ABSTRACT

Digital media have come to mediate global power in interesting ways. International news agencies now rely upon content generated by citizen journalists or captured by mobile phone users as events unfold in distant streets. 1 Social media, while providing new ways for diplomats and their staff to reach new audiences on a global scale, also challenges the ways that diplomatic work is conducted. As these new media have expanded vertical channels of communication, they have similarly broadened horizontal channels of communication between networked individuals. The decentralized nature of these new participatory and communicative networks means that public diplomacy now requires productive engagement with individuals within these networks. Yet, how to do so successfully remains an unresolved puzzle. The U.S. Department of State has pointed to the role of social media in increasing openness in government. Alec Ross, the Senior Adviser for Innovation to Secretary of State Hillary Clinton, contends that “[a] lot of the 21st-century dynamics are less about . . . traditional liberal-conservative ideological lines. Today it is—at least in the spaces we engage in—Is it open or is it closed?” 2 In addition to navigating the intricacies of traditional statecraft, governments are finding it necessary to develop new information management strategies in light of these new media—the impact of which is highly contingent and often spontaneous.

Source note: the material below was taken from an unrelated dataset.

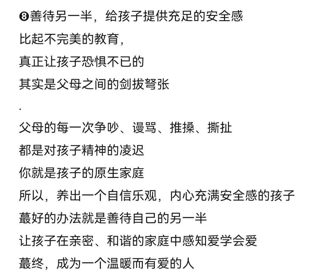 ➑善待另一半,给孩子提供充足的安全感
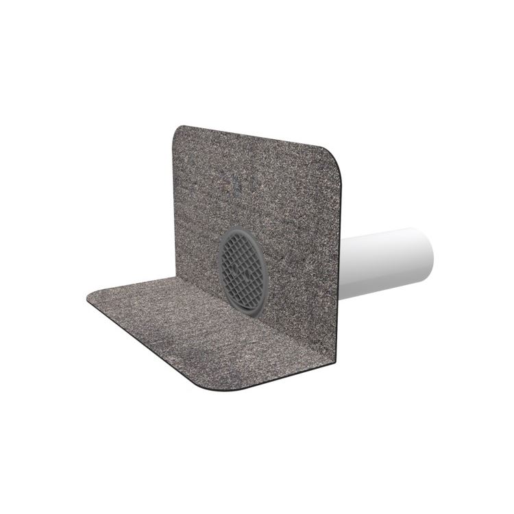 TOPWET Wasserspeier, rund, mit integrierter Manschette aus modifizierter Bitumenbahn und einem Schutzgitter. Länge 600 mm, auf Bestellung eine Verlängerung bis zu 1500 mm möglich.

The costs of monitoring events in near real time have dropped significantly in an age of ubiquitous and instantaneous information sharing. At the same time, the call for open government and increased information sharing may be more outward facing than inward, as we saw when the more traditional behind-the-scenes work of diplomats was laid bare when Julian Assange’s WikiLeaks organization released thousands of classified U.S. diplomatic cables on its website in 2010.